To proceed, the following is needed:
- Regulatory data: Retrieve the full SmPC/product information including warnings, contraindications, and drug interactions (Data Gap DG001 — currently blocking safety assessment)
- Mechanism of action data: Obtain full MOA details from DrugBank API to enable a proper mechanistic rationale analysis (Data Gap DG002)
- Literature search expansion: Perform a targeted search for any published case reports, ex vivo studies, or preclinical evidence using FVIII preparations in models of platelet release defects (dense granule or α-granule secretion disorders)
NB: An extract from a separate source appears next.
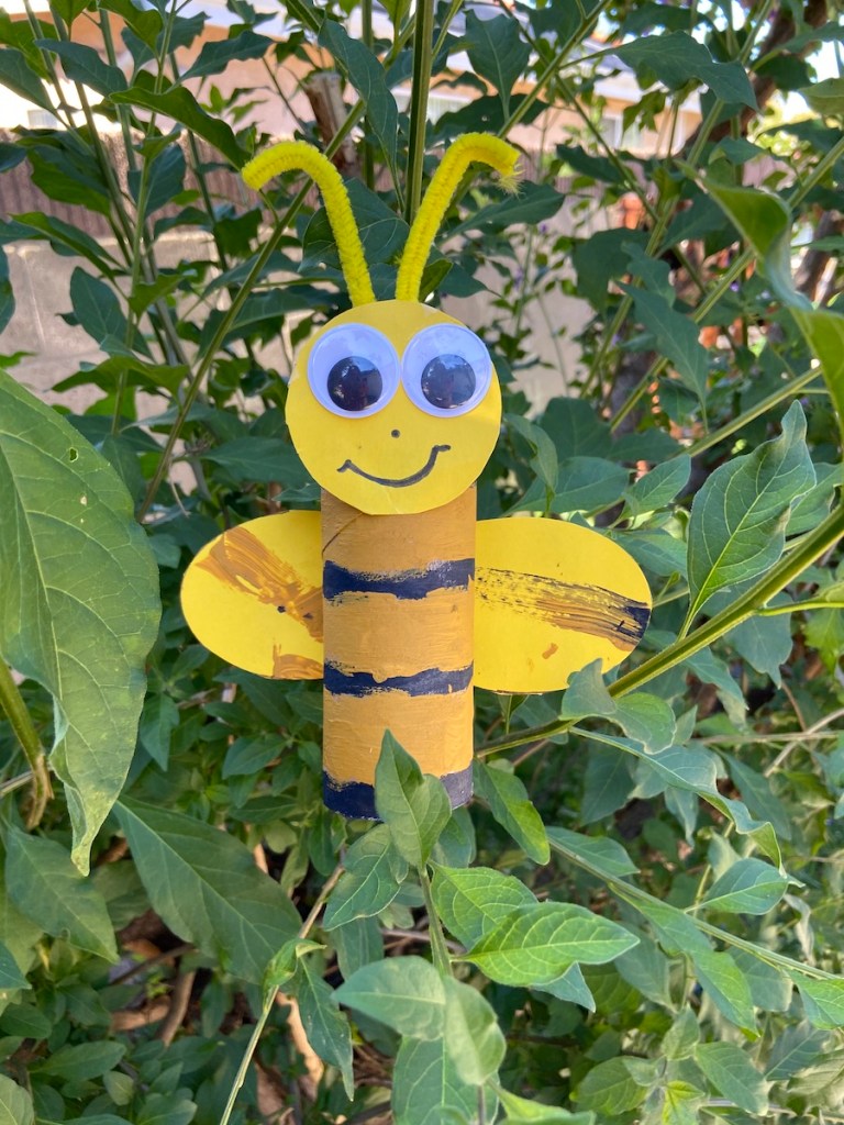 After the stripes were painted, I cut out a cicle for the head, and glued all the parts together! We glued big googly eyes on the head and I drew a nose and smile. For the antennas I cut pieces of yellow pipe cleaner and used scotch tape to attach to the back of its head.

- Expert consultation: Engage a specialist in haemostasis and thrombosis to assess the clinical plausibility of FVIII supplementation in this indication before committing research resources
- Additional predicted indications review: Among the lower-ranked predictions, acquired coagulation factor deficiency (rank 7–8; score 99.88%) carries the strongest mechanistic link in this dataset — particularly the acquired Haemophilia A subtype — and may represent a more scientifically defensible research question if evidence generation is being considered
This report is generated for research purposes only and does not constitute medical advice. All drug repurposing candidates require prospective clinical validation before any therapeutic application. Refer to current SmPC and national guidelines for authorised indications.
Disclaimer
This content is for research purposes only and does not constitute medical advice. Clinical validation is required before any clinical application.